## TASK INPUT
--- --- ---
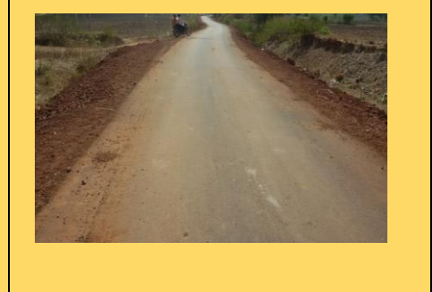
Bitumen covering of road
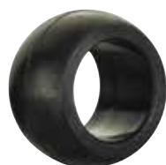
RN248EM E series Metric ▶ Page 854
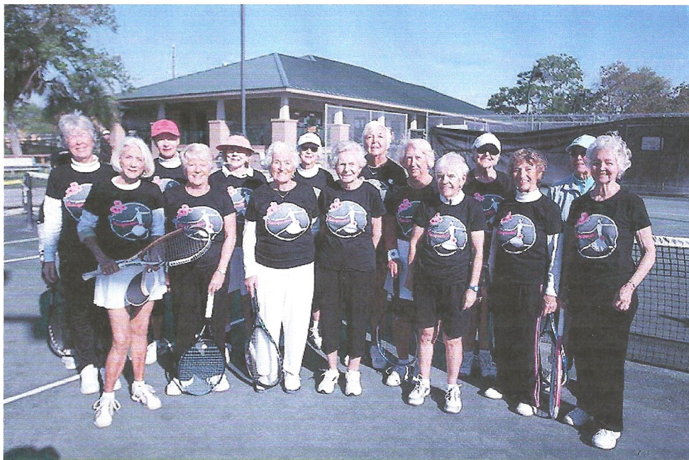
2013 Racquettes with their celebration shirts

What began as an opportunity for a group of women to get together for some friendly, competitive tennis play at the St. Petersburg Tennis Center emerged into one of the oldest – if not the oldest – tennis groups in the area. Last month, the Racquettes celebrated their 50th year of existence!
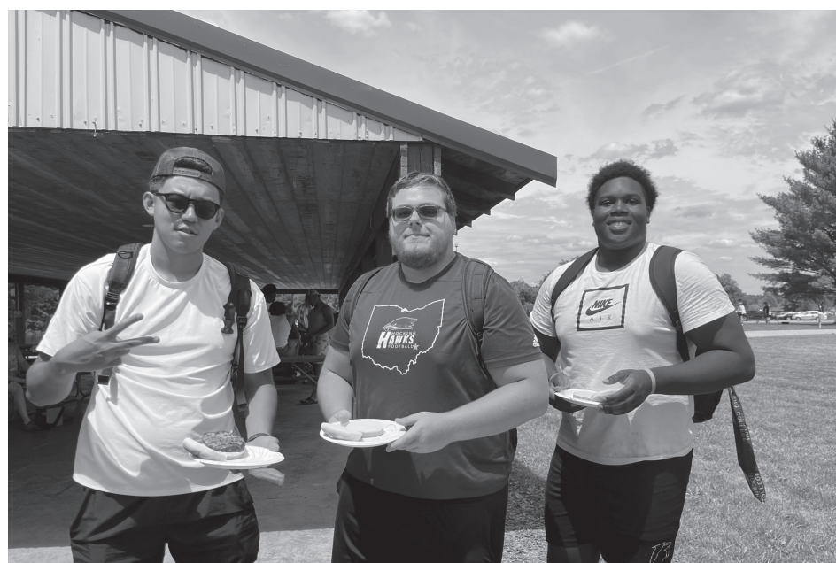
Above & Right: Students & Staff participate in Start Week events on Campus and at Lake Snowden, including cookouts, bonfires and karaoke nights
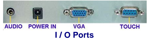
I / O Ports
--- --- ---
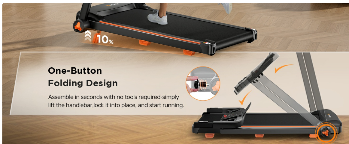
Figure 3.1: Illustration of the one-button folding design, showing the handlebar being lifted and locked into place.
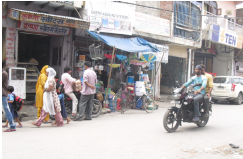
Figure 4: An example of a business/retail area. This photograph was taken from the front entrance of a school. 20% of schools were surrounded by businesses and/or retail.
--- --- ---
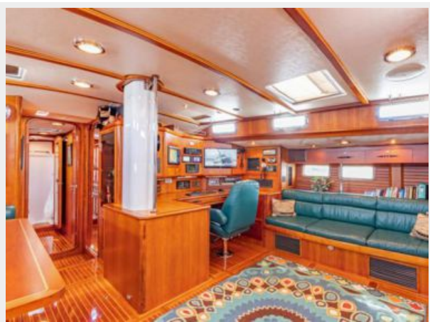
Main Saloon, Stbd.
--- --- ---
## WHAT TO WORK ON
Every line containing the string "Racquettes" should be pulled from the listing and copied.

## RESULT BELOW
2013 Racquettes with their celebration shirts
What began as an opportunity for a group of women to get together for some friendly, competitive tennis play at the St. Petersburg Tennis Center emerged into one of the oldest – if not the oldest – tennis groups in the area. Last month, the Racquettes celebrated their 50th year of existence!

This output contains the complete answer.